Читать книгу Батя: Легенда спецназа ГРУ - Группа авторов - Страница 3
Человек совести и долга
(очерк)
ОглавлениеКогда начинаешь осмысливать жизнь человека в целом после его последнего вздоха, когда уже знаешь, что ничего больше не изменится ни в его облике, ни в характере, ни в карьере, ни в биографии (все! Биография завершена!), – пытаешься найти какие-то слова, которые бы охватили смысл этой прожитой жизни, нашли масштаб ее измерения, сложились бы в логическую формулу причин и следствий, замыслов и свершений, случайностей и закономерностей, чтобы эта формула стала неким знаком конкретной отдельной судьбы, – все твои усилия приводят к давно известному, извечно мудрому, задолго до тебя сказанному: «Человек – это мир». И каждый человек – это неповторимый мир. Свой, неповторимый и одновременно общий с тем отрезком земной истории, в котором промелькнула эта искра вечного костра Жизни.
Напишем Жизнь с большой буквы, потому что человек, о котором пойдет речь, не признавал иной.
Об этом говорят его биография, его военная профессия специального назначения – быть всегда на грани Жизни. Об этом говорили… его глаза.
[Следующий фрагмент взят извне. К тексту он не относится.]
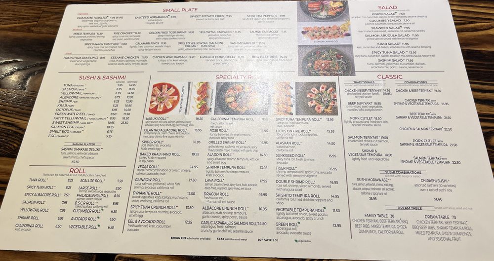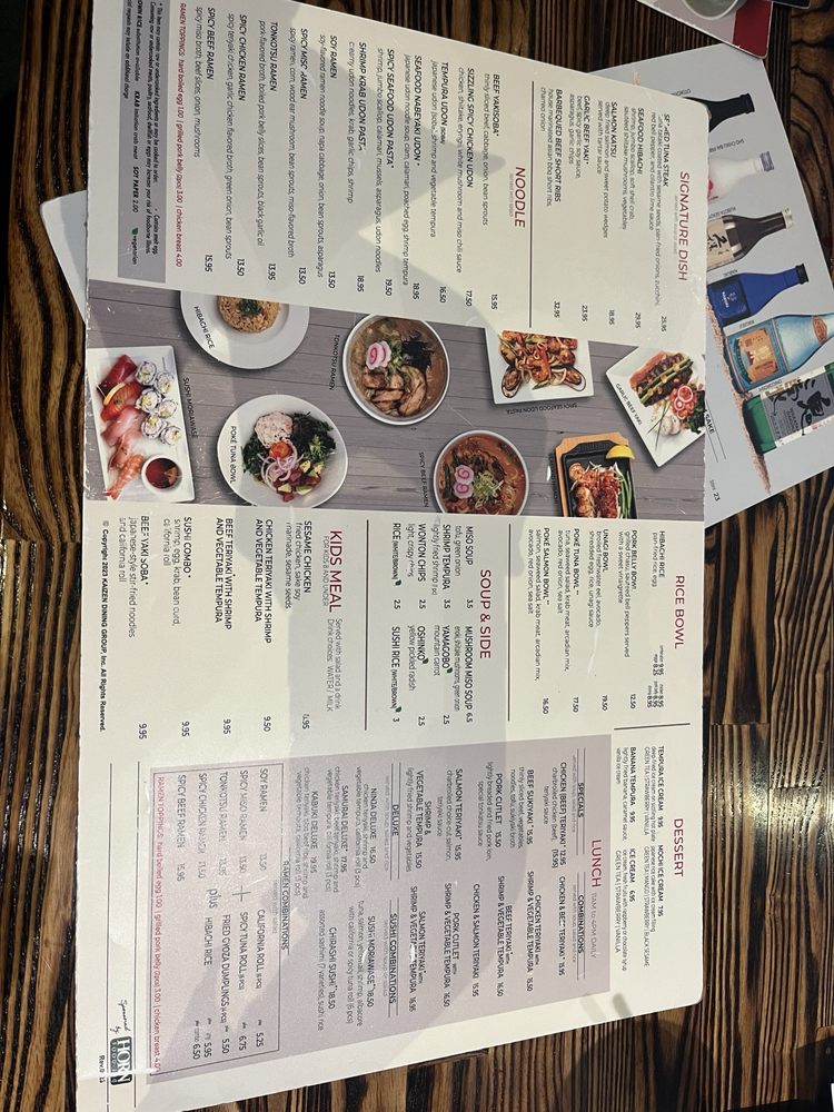 Introducing the menu at Kabuki Japanese Restaurant, located in Cerritos, CA, known for its diverse offerings and excellent service. With a focus on traditional Japanese cuisine, Kabuki offers a wide range of appetizers, sushi, drinks, cooked entrees, and desserts. Customers praise the refreshing menu with a broader selection of dishes, including vegan and vegetarian options. The restaurant provides a casual dining atmosphere with wheelchair accessibility and cater to different dietary preferences. Visitors can enjoy happy hour specials, full bar service, and unique dishes like the California rolls and Salmon Arugula salad. The staff is friendly, and the establishment offers outdoor seating, free Wi-Fi, and convenient parking options. Experience the flavors of Japan at Kabuki Japanese Restaurant for a memorable dining experience.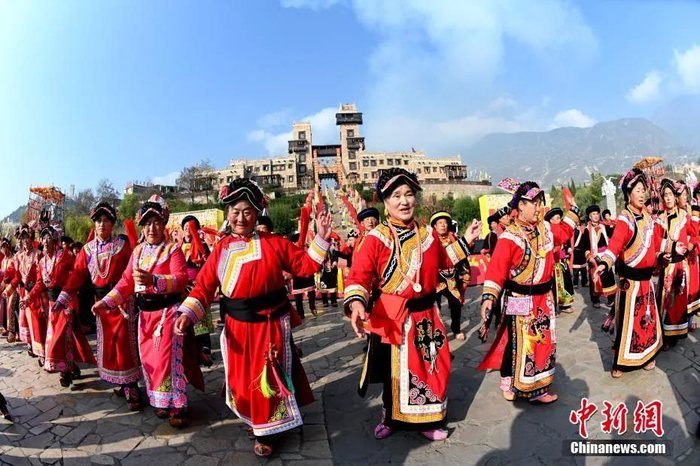 资料图:羌族民众载歌载舞欢庆羌年。中新社记者 安源 摄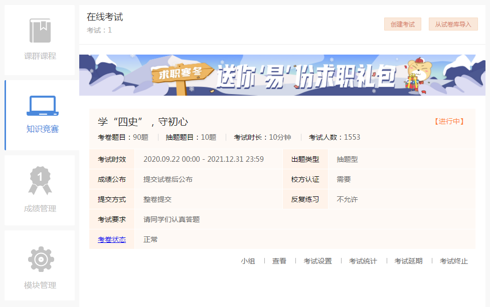 易班优课平台“学四史、守初心”学习打卡活动共有3704名学生参与,在学生中掀起了学习四史的热潮。截止6月15日,有264名学生取得了100分的优异成绩。活动评选出20名学习标兵,其中师范学院9人、护理学院7人、临床医学院2人、药学与检验学院1人、中医与康复养生学院1人,护理学院获得本项活动优秀组织奖。学习打卡活动以赛助学、以赛促学,激发了学生们的学习热情和动力。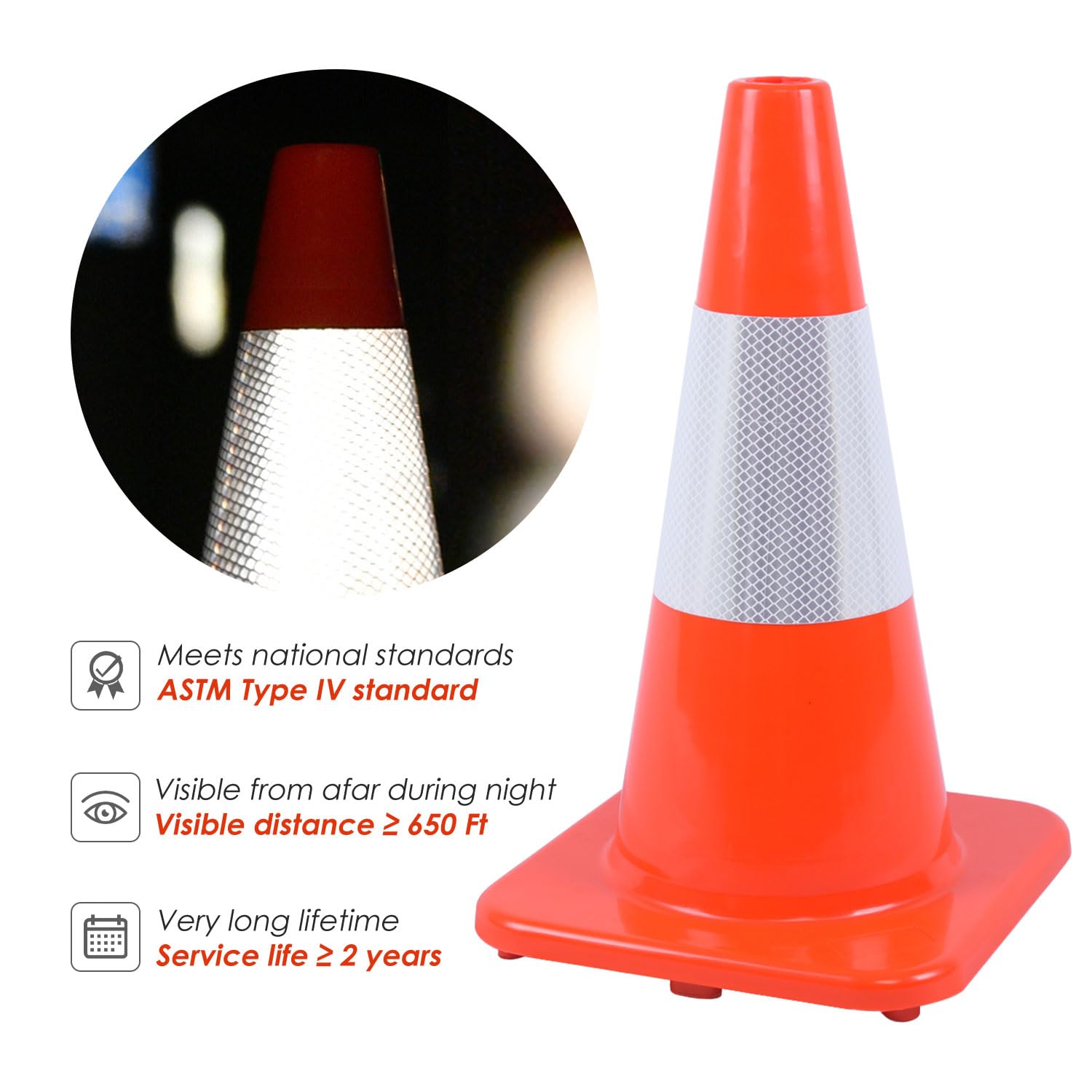 - MUTCD-Compliant & Built to Last --- Designed specifically for U.S. road standards and harsh weather conditions, this cone meets MUTCD specifications. Its robust construction ensures reliable performance for 3+ years, making it a cost-effective safety solution for traffic control, construction, and events.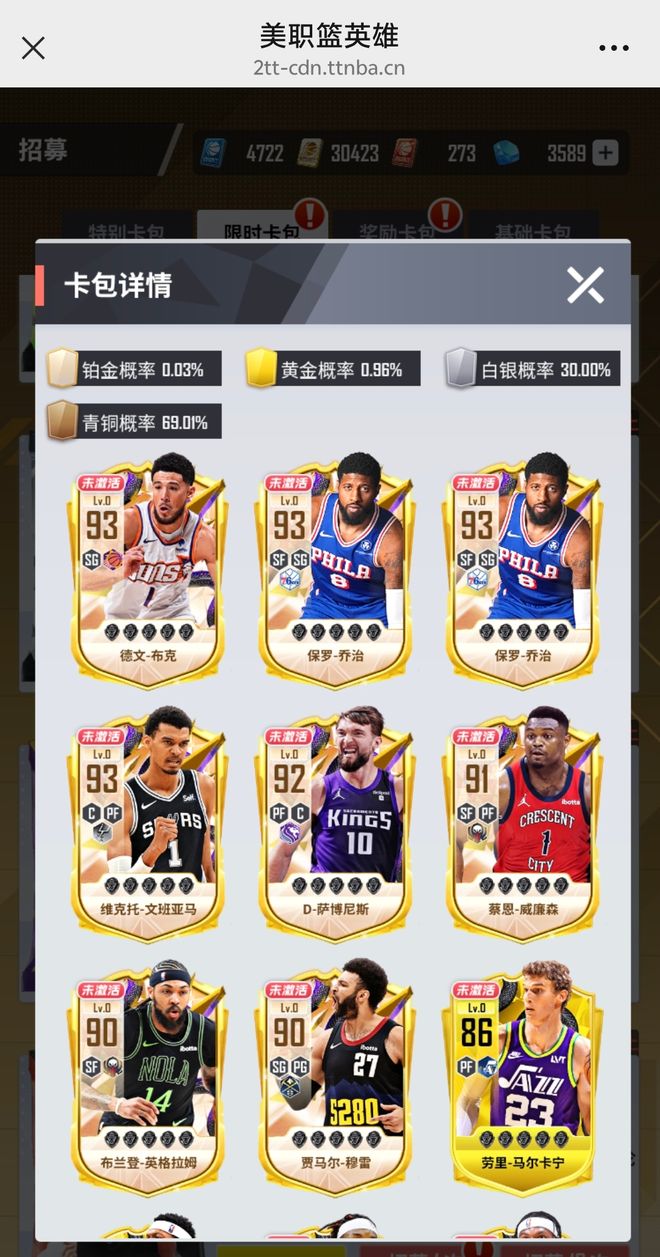 扫码进入游戏-招募-卡包商城,即可抽取文班铂金卡!

Мое знакомство с Василием Васильевичем Колесником исчерпывается несколькими деловыми встречами и одним разговором с рюмкой в руках. Вот об этом разговоре, а вернее, монологе Василия Васильевича, а еще вернее – о его глазах во время этого монолога мне хотелось бы сказать в начале биографического очерка, хотя недостаточное личное знакомство с ним ограничивает мои права мемуариста.
Дело было на презентации Книги Памяти солдат, сержантов, прапорщиков и офицеров соединений и частей специального округа из Москвы и Московской области, погибших в Афганистане. Только что вышедший первый том, предисловие к которому написали генерал-лейтенант Д. М. Герасимов и генерал-майор В. В. Колесник, вручался родственникам погибших, произносились речи, были воспоминания, звучали благодарные слова.
Василий Васильевич говорил: «Я, командир и отец, который потерял на войне сына, понимаю горе родителей, их боль, но твердо знаю, что они гордятся своими сыновьями, прожившими такую короткую жизнь. Низкий вам поклон и уважение».
Не знаю, случайно ли сразу после выступления – а выступал он, выйдя на свободное пространство между П-образно установленными столами, за которым сидели приглашенные родственники, – он не вернулся на свое место, где сидел, а подошел ко мне с рюмкой коньяка и как бы продолжил свою речь. Теперь уже только для меня. Возможно, и не случайно было его обращение ко мне, писателю, недавно начавшему сотрудничать с редакцией Книги Памяти. Не важно, какой мотив был у него обратиться ко мне. Важно, с какими глазами он подошел. В них еще блестела влага бати-командира, набежавшая во время поклона матерям и вдовам («Простите нас, что не уберегли ваших ребят»), и сквозь эту влагу, как во глубине океана, темнела неизмеримая неизбывность накопленной боли.
Но в то же время направленные на меня глаза уже меняли «волну» темы, заставляя глубину колыхаться переливами гнева и недоумения: что случилось со страной, с армией, с человеком, с миром? «Что случилось с вашим братом, писателем, журналистом?» (Тут мне окончательно стал ясен неслучайный выбор адресата для его вопросов.) Отчего «инженеры человеческих душ» втаптывают в грязь эту самую человеческую душу? Почему изголяются над святынями народа, над армией, которая бережет эти святыни? Как в интеллигентском сознании рождаются чудовищные оскорбления памяти героев и, наоборот, прославления «непойманных воров?» Почему рынок – важнее всего? Рынок – для товаров, ну и пусть торгуют, зачем же меня-то заставлять торговать? Почему такие простые истины надо доказывать?
Моя попытка уйти от непосильной участи быть ответственным не за свои грехи полным согласием с его позицией не была принята: вопросы-то остаются! Глаза Василия Васильевича требовали ответа. Возмущенный океан его души не успокаивался; глаза отражали лишь поверхностные отблески пережитых и бушевавших штормов в мире этого человека.
Под испытующим взглядом его глаз я и пишу очерк этой жизни.